Zheng Yunzhou mendesah, melepas jaketnya dan membungkus tubuh Lin Xiyue, menggendongnya dengan posisi melintang. Lin Xiyue masih gemetar, tiba-tiba dikelilingi aroma sejuk yang segar, tubuhnya terangkat, saat menengadah, bertemu dengan mata Zheng Yunzhou yang dalam seperti danau. Meskipun dingin, suaranya lebih lembut dari biasanya, mungkin karena kasihan padanya. Zheng Yunzhou singkat menjelaskan, "Aku bawa kamu ke rumah sakit, lebih cepat." "Hmm," dengan sedikit kehangatan dari dalam jaketnya, Lin Xiyue berusaha bicara dengan suara serak bercampur bau darah, "Terima kasih, Pak Zheng." Zheng Yunzhou menjawab santai, "Kalau terjadi sesuatu padamu di sini, itu tanggung jawabku." Namun saat itu Lin Xiyue tak punya tenaga menolak, juga tak menjawab.

Dia baru sembilan belas tahun, hatinya bukan terbuat dari besi, pisau di leher pun tetap menakutkan. Sebaliknya, Lin Xiyue sangat takut, takut mati begitu saja tanpa arti. Dia sudah belajar bertahun-tahun, berjuang keras agar suatu hari bisa hidup dengan kepala tegak, mengalir seperti sungai dari pegunungan menuju lautan besar, belum sempat menikmati hidup sehari pun, dia tak ingin mati seperti itu. Kalau dia mati, bagaimana dengan Xiao Hao? Siapa yang akan merawatnya? Lin Xiyue menempelkan wajahnya di dada Zheng Yunzhou, tahu ini bukan tempat untuk bertahan lama, tapi dalam ketakutan setelah selamat dari bencana, dia tak bisa menahan diri untuk merapat.

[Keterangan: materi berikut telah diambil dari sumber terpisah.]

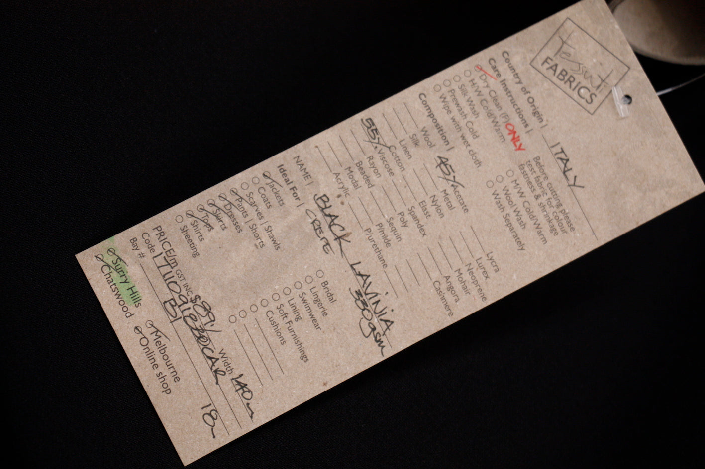 Black Italian 55% viscose 45% acetate double crepe . Width:140cm. Weight:330gsm

Tubuhnya ringan, lembut bersandar di dadanya, sedikit gemetar, napasnya cepat dan tidak teratur.

Zheng Yunzhou memeluknya seperti memegang kucing kecil yang ketakutan, tak berani memegang terlalu erat. Saat gadis itu mendekat, tangannya sedikit kaku, separuh tubuhnya seolah tersengat listrik. Lampu darurat berkedip-kedip, tiba-tiba menjadi lebih terang. Seperti hari pertama penciptaan dalam kitab suci, cahaya kuat memecah kegelapan tebal. Meskipun dia tahu ini hanya reaksi alami mencari perlindungan setelah terlepas dari bahaya, seperti perahu kecil yang berputar-putar di tengah ombak, berusaha menemukan pelabuhan untuk berlabuh. Namun langkah Zheng Yunzhou terhenti beberapa detik.

Kehangatan yang familiar merayap ke lehernya, bahkan napasnya mulai tidak teratur, hatinya terasa kosong seperti kehilangan sesuatu, sebuah perasaan kacau yang belum pernah dia rasakan sebelumnya menyergapnya.